Recorded data:
/---

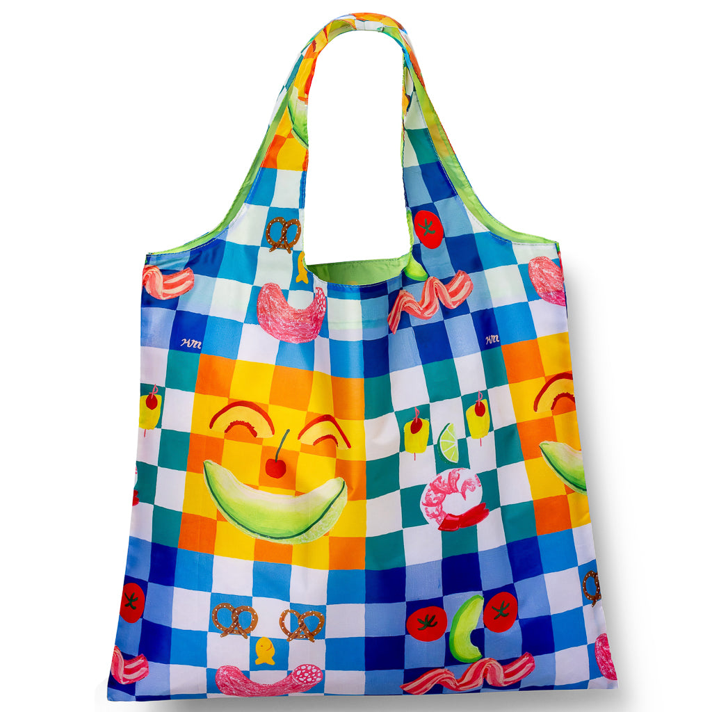 This is a great and very handy bag! Such a happy design! Love that it's roomy and strong with perfect handles - easy to carry by hand but also big enough to be a shoulder bag. Folds down small enough to easily tuck into your bag or backpack so you always have it with you. Love that it's made out of recycled plastic!
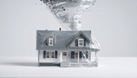 A miniature house is caught in the path of a swirling glitter tornado, symbolizing the fragility of property and investments in the face of natural disasters or financial turmoil. This conceptual image represents risk, the need for insurance, and the unpredictable nature of the housing market.
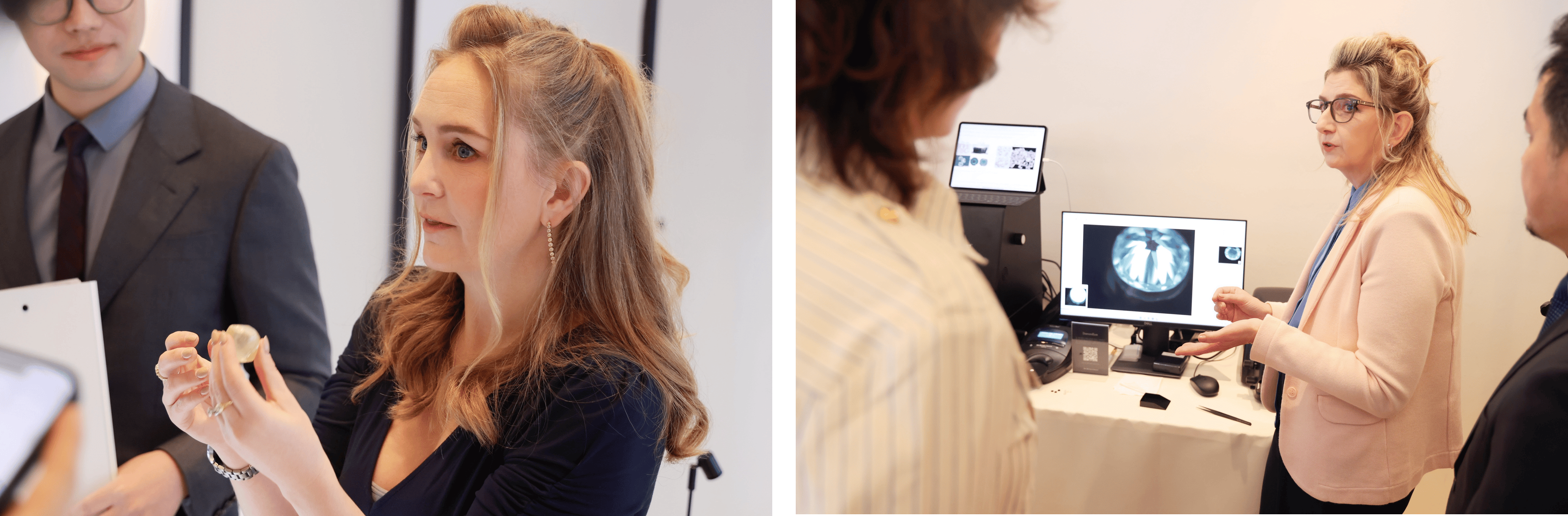 戴比尔斯钻石研究机构钻石教育总监Jodine Bolden、研发科学家Samantha Sibley讲述天然钻石知识
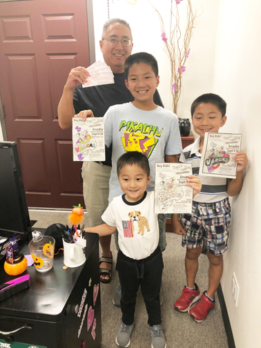 The Hayashi brothers – Alex, 4, Jacob, 8, and Shawn, 11 – hold up their winning artwork while dad displays the tickets.
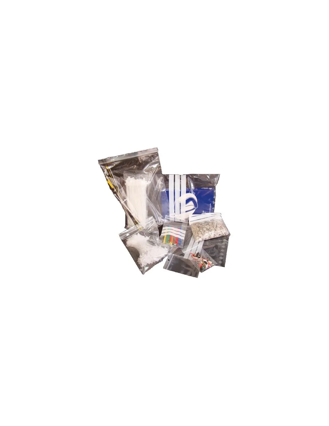 Bolsas transparente de polietileno de 50 micras. Cierre a presión. Aptas para estar en contacto con alimentos. Modelo con banda de escritura.Pack 100 bolsas 180x250 escritura
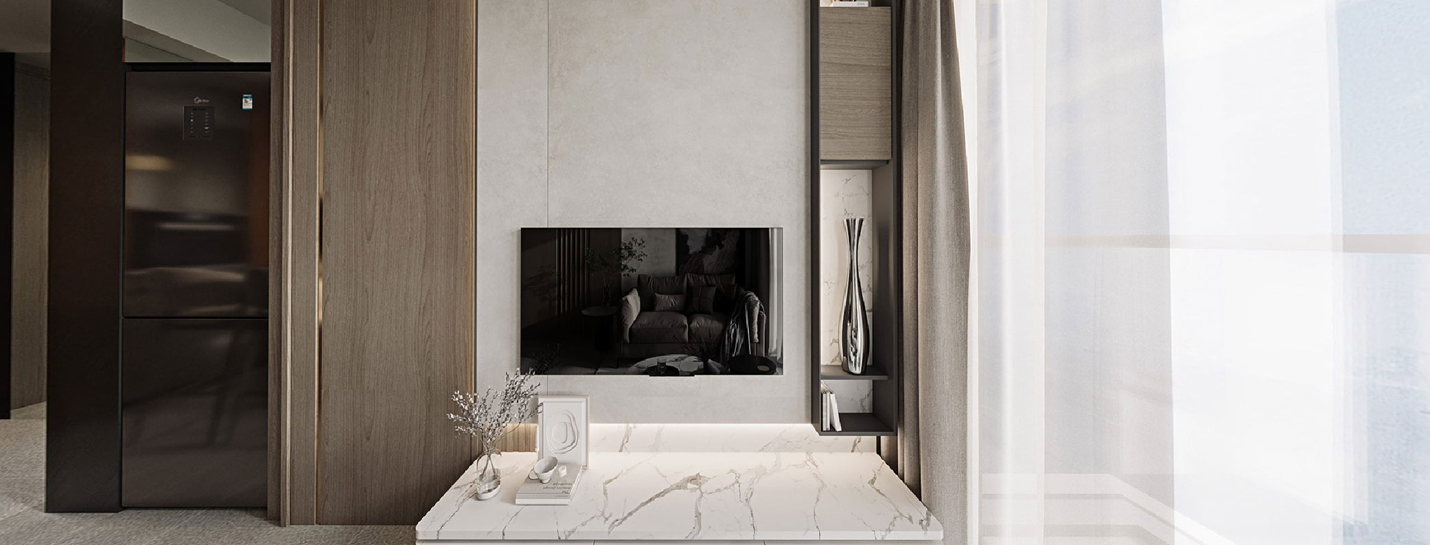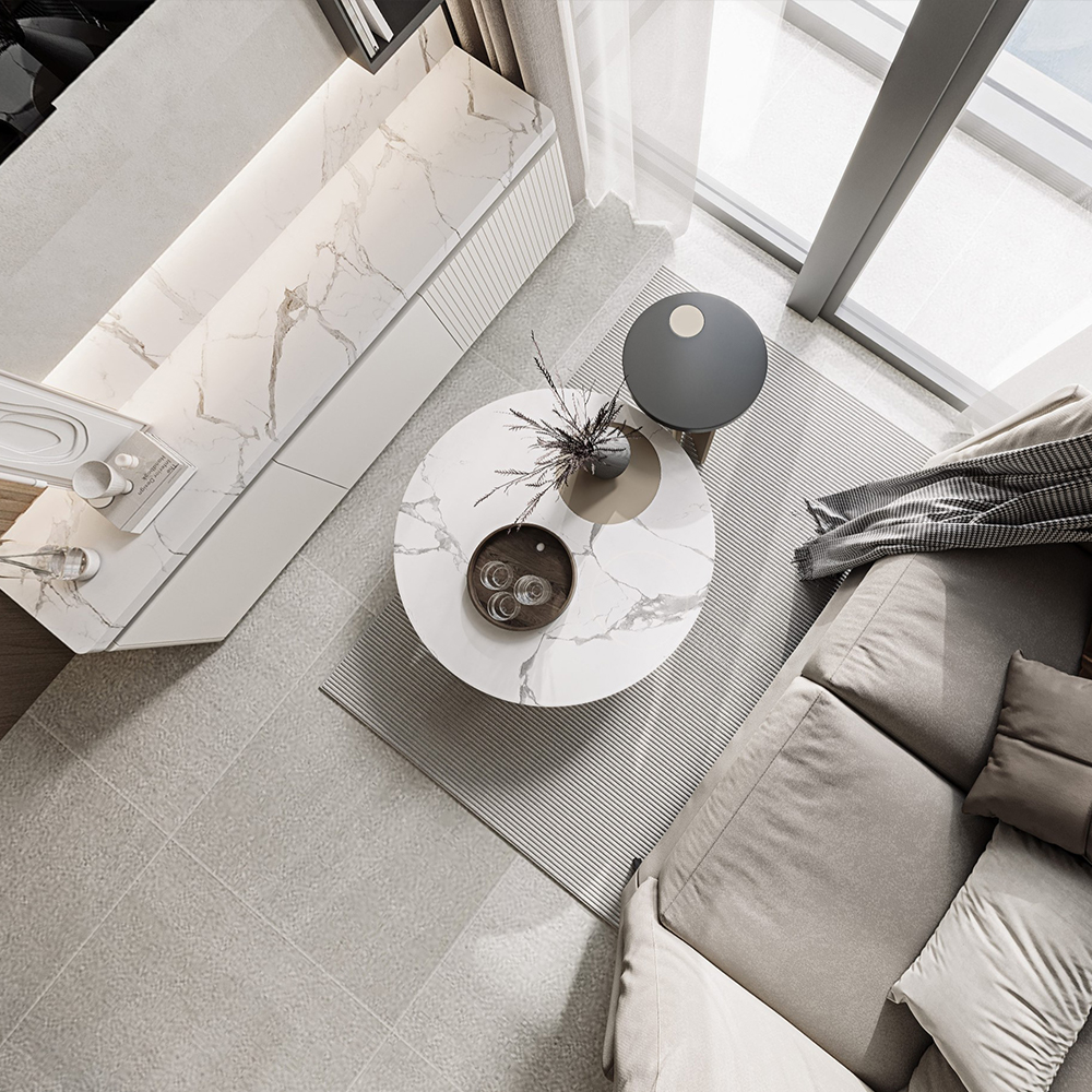 Materials and textures play a key role in bringing the concept of simple luxury to fruition. The wall covering in the living room mimics an artistic finish at a fraction of the cost, while the TV wall features ceramic tiles with a cement texture, perfectly complementing the modern aesthetics.

\---

■ Exercise directions:
Give again, exactly as written above, every line from the one holding "戴比尔斯钻石研究机构钻石教育总监Jodine Bolden、研发科学家Samantha Sibley讲述天然钻石知识" to the one holding "Bolsas transparente de", with both ends kept and the pictures left out.

■ Exercise solution:
 戴比尔斯钻石研究机构钻石教育总监Jodine Bolden、研发科学家Samantha Sibley讲述天然钻石知识
 The Hayashi brothers – Alex, 4, Jacob, 8, and Shawn, 11 – hold up their winning artwork while dad displays the tickets.
 Bolsas transparente de polietileno de 50 micras. Cierre a presión. Aptas para estar en contacto con alimentos. Modelo con banda de escritura.Pack 100 bolsas 180x250 escritura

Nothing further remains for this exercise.